Мы подъехали к старой части города, где сливались реки Рона и Сона. Дома и древние стены на склонах напомнили мне Рим. Я чувствовала себя ужасно. На душе было тяжело. Я ощущала одиночество, которого не испытывала никогда в жизни. Казалось, я не существую, а являюсь частью чьего-то ночного кошмара.

– Я ни на что больше не надеюсь, – наконец заговорил Марино ни с того ни с сего. – Может, что-то случится, но я уже не надеюсь. Нет смысла. Жена давно меня бросила, а я так и не нашел человека, который мне подходит. Теперь меня отстранили от работы и я подумываю о том, чтобы перейти к тебе. А если перейду? Ты перестанешь меня уважать.

– Разумеется, не перестану.

– Ерунда. Если я буду работать на тебя, все изменится, и ты это знаешь.

Он выглядел усталым и удрученным, на его лице и фигуре отражалось то напряжение, с которым он жил. На джинсовой рубашке темнело пятно от пролитого кофе, а мешковатые брюки цвета хаки смешно топорщились. Я заметила, что чем толще он становился, тем просторнее покупал брюки, как будто это могло обмануть его самого или окружающих.

– Знаешь, Марино, с твоей стороны не очень прилично намекать, что работа у меня будет самым плохим периодом в твоей жизни.

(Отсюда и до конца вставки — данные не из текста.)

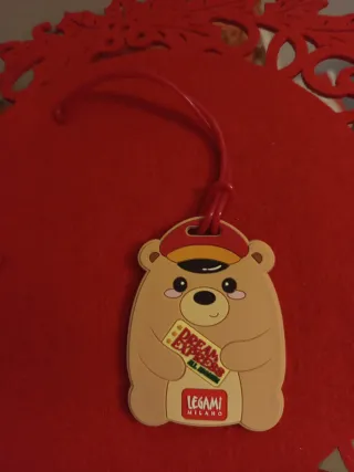 Simpatica etichetta per bagagli a forma di orsetto per valigie e borse, adatta a grandi e piccini. - Design con cappellino e biglietto Dream Express. - Cordino rosso per aggancio facile. - Logo Legami Milano sul fondo.

– Может, и не самым плохим, – ответил он, – но довольно близко к этому.

Глава 33

Штаб-квартира Интерпола находилась в отдельном здании в парке Золотой Головы. Это была крепость из зеркального стекла и стали, по виду которой трудно было догадаться о ее назначении. Название платановой аллеи, где оно стояло, не было указано, поэтому если не знать, что это такое, можно было вполне проехать мимо. Здесь не было вывески, гласившей, что это штаб-квартира Интерпола. Собственно говоря, здесь вообще не было никаких вывесок.

Спутниковые тарелки, антенны, цементные заграждения и камеры были почти незаметны, а зеленая металлическая ограда, по верху которой была протянута колючая проволока, скрывалась растительностью. Секретариат единственной в мире международной полицейской организации излучал надежность и покой, позволяя работавшим внутри сотрудникам смотреть наружу и не разрешая никому заглядывать внутрь. В этот облачный холодный день на приближение праздников здесь указывала небольшая рождественская елочка на крыше.

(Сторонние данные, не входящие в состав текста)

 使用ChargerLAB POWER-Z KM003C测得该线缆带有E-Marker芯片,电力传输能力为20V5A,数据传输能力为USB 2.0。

Нажимая на кнопку интеркома у въездных ворот, я не увидела человека, которому можно было бы сказать, что мы приехали. Нас попросили назвать себя, а когда мы это сделали, щелкнул, открываясь, замок. Мы с Марино прошли по дорожке к отдельно стоящему небольшому зданию, где открылась еще одна дверь и нас встретил охранник в костюме и галстуке, который выглядел достаточно сильным, чтобы схватить Марино и зашвырнуть обратно в Париж. Другой охранник сидел за пуленепробиваемым стеклом. Он выдвинул ящик, положил в него наши паспорта и выдал нагрудные знаки посетителей.